Exploration of an LLM chat interface: findings from the specification phase#

Experiences in developing a chat interface for local large language models.

The experiment#

The project aimed to develop a simple chat interface that offers a few convenience features without persisting data. The central question was: What value-added features can be implemented in such an interface? The focus was on exploring a history feature with automatic conversation titling – a feature that proved to be an interesting learning field.

The technical basis was provided by Gradio and an OpenAI-compatible API, technologies with which we already had previous experience. The architecture comprised three main classes (ChatSession, StreamingChat, ChatInterface) and was deliberately designed to be modular in order to facilitate later adjustments.

The role of the specification#

Approximately 45 minutes were invested in developing a detailed specification in which functionalities and their technical implementations were clearly coordinated. This investment proved valuable: after the complete specification was handed over to the LLM, the implementation proceeded largely directly and also took about 45 minutes.
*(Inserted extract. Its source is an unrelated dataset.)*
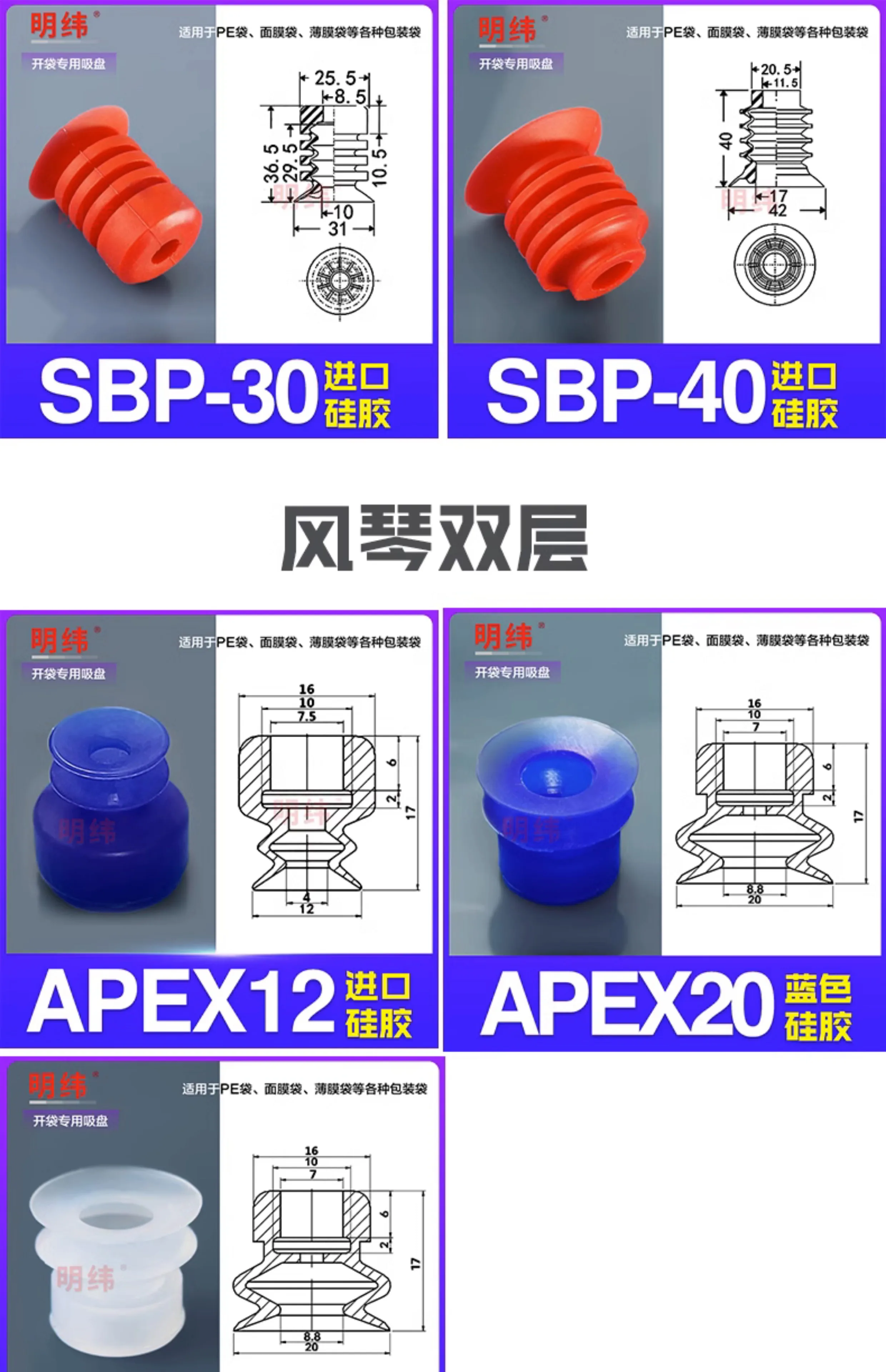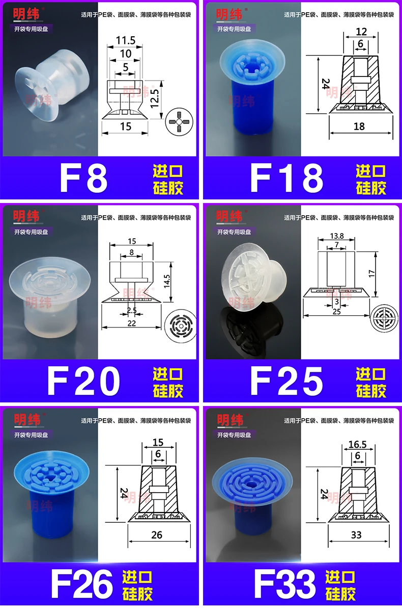 Es adecuado para diversas películas delgadas (como películas de PE) y apertura de bolsas de diversas máquinas envasadoras. Funciona bien y lo compraremos nuevamente la próxima vez.

The development required only two iterations – an initial implementation and a second one to fix a specific problem and improve the history function. This efficiency seems to be directly related to the quality of the specification.

Technical challenges#

Automatic title generation for conversations proved to be a functional necessity: without meaningful titles, it was not possible to distinguish between entries in the history in a meaningful way. The solution – the LLM generates titles for new conversations itself during runtime – worked well in practice and demonstrated an approach for nested LLM calls.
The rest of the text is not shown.